Certainly interesting, but it is important to keep some quality to
control. I think a line can be found to tread in the middle. There has
been a lot of talk about the possibility of adopting distributed
version control, and we already have mirrors in place officially and
unofficially. I could imagine such a documentation editing being
committed to branches in such a system.
I'm not completely sure there are enough changes needed to the
documentation to warrant it, however.
On Fri, Nov 21, 2008 at 8:49 AM, Ezio Melotti
As far as I know, the only way to report a typo or change something in the documentation is actually open an issue in the bug tracker. This implies that: 1. If the user is not registered to the bug tracker he can't open the issue, and he won't probably register for a small mistake; 2. The user has to spend some time to reach the bug tracker page, open a new issue, write a brief description of the problem and possibly create and attach a patch; 3. A developer (of Python) has to read the issue, write a patch or check if the attached patch is ok and then apply it (even if I think that some developers can edit the doc directly). In my opinion this is rather clumsy and certainly not user-friendly. Even if the user is registered to the bug tracker and knows how to report an issue (and this is already a small subset of the doc readers) he may not want to go through all these step just to fix a typo.

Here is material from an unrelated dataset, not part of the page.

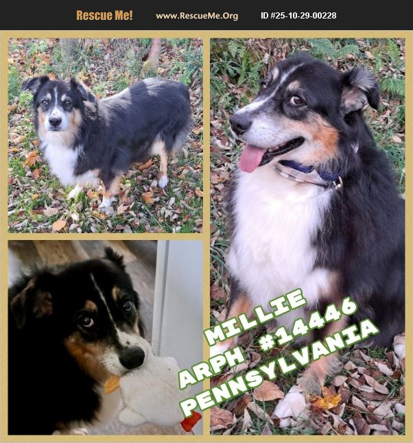 Meet Millie, ARPH #14446! Millie was very much loved but sadly came to us due to her owner's terminal illness. She is a seven year old spayed black tri(turning eight in January), up to date on vaccinations and preventatives. She loves all humans, greeting everyone with a wiggle, just looking for attention and petting. She is a velcro Aussie, wanting to be with her person(or at least in sight), and will be underfoot wherever that person might be. Millie is VERY food motivated as evidenced by her weigh in of 92 pounds at her vet visit! Less intake and more exercise will continue her weight loss program from a max of 106 at the end of April in her former home, although she'll be on the larger side even at a good weight. Inside that bulky body, though, is a dog that wants very much to be frisky and active. She LOVES going for walks and does nicely on leash. A fenced yard is preferred, but homes without them will be considered on an individual basis. She's not a fan of the crate and doesn't really need one, but she will go in for treats. Millie has excellent house manners and will let you know if she needs to go out. She has opinions and will sometimes vocalize them, especially if she wants treats. Given her size, it's not easy, but she will sit and down for the right treats. She does alert bark when someone comes or she hears a car go by; no one will sneak up on you with her around! Millie is fine with cats and lives with two in her foster home. She lived with other dogs in her previous home and with one now, but she can be bossy and prefers not to share toys, although she's not obsessed with them. She won't be placed with another female, but she could be okay with the right male. Millie's dream home would be with someone who is home most of the time, enjoys long walks, will give her a couch or chair where she can be comfy, and who will love her for the rest of her life. She will be a lovely companion and will be totally devoted to her person or persons. Millie is fostered near Honesdale, PA. If you are already approved, contact Kay at [email protected]. If you are not already approved, please fill out an application for adoption from our website at www.aussierescue.org All interested parties MUST submit an application.

The idea is to allow all the users to edit the documentation pages directly (like a wiki), but wait the approval of a developer before apply the changes. The steps will then be: 1. The user finds a mistake, clicks on an [edit] link and fixes it; 2. A developer check if the correction is ok and approves of refuses it.
This will also lead to the following benefits: 1. All the users can contribute even if they are not registered and/or they don't know how/where to report the problem; 2. The process is simpler so the users are more likely to report mistakes, spending less time; 3. If the process is easy enough, users may want to submit some example or tip that could be useful to others; 4. The developers just have to check and approve/refuse the changes. Again, this will require less time and they will be able to fix several mistakes in few minutes (if not seconds); 5. The bug tracker won't be "polluted" by issues regarding typos and other small mistakes in the doc.
Problems and limitations: Even if probably there's already something like this out there, I don't know how easy it is to find/implement it. It shouldn't be too hard to write something ex-novo, but then again, someone will have to do it. Something like this works well for self-explanatory corrections (like typos), but it could not be the best when you have to explain the reasons of the change. Possible solutions are: 1. Allow the user to write an (optional) comment to the correction (e.g. "Changed xyz to match the new docstring."); 2. Open an issue where to discuss about the correction and then edit the page (some developers could have direct access to the page so they can edit them immediately -- I don't know if there's already something like that now or if they have to apply patches); 3. Have a "discussion page" like the the ones that are commonly used in wikis.
I don't know how feasible this idea is, but I'd really like to have a simpler way of editing the doc. It would also be nice, if the users could contribute actively to improve the doc, adding more exampes and pointing out possible pitfalls (and the developers' approval will still assure correctness).